## Assignment
Your copy begins at the line with "PERFECT SIZE: Measuring" and runs through the end of the data below. Set down only those lines exactly, without pictures.

## Data extract
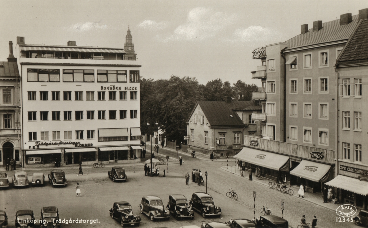 Bilparkering på Trädgårdstorget. Tempohuset som invigdes 1935 syns till höger i bild. Östgöta Gille och Trädgårdsföreningen Blommor finns i den stora ljusa byggnaden till vänster.
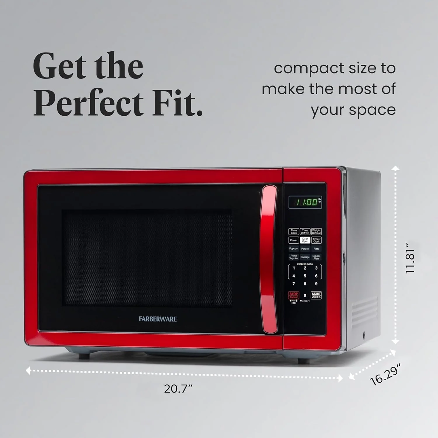 PERFECT SIZE: Measuring 1.1 cu ft, this microwave is the ideal small-space solution that offers full-sized cooking in a compact space. It features an easy-to-clean interior and exterior and is perfect for the home or office.
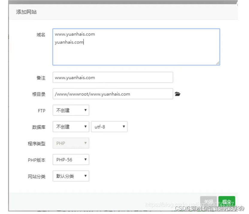 输入网站域名(如果没有域名可以直接用公网ip,格式:公网ip:+端口号+.com(其他的也行)注:端口号随意取,只要在允许范围内即可,端口必须在服务器中放行),其他的选项可以根据需要更改(可以选择默认,主要看服务器配置如何),最后点提交。

## Written answer
 PERFECT SIZE: Measuring 1.1 cu ft, this microwave is the ideal small-space solution that offers full-sized cooking in a compact space. It features an easy-to-clean interior and exterior and is perfect for the home or office.
 输入网站域名(如果没有域名可以直接用公网ip,格式:公网ip:+端口号+.com(其他的也行)注:端口号随意取,只要在允许范围内即可,端口必须在服务器中放行),其他的选项可以根据需要更改(可以选择默认,主要看服务器配置如何),最后点提交。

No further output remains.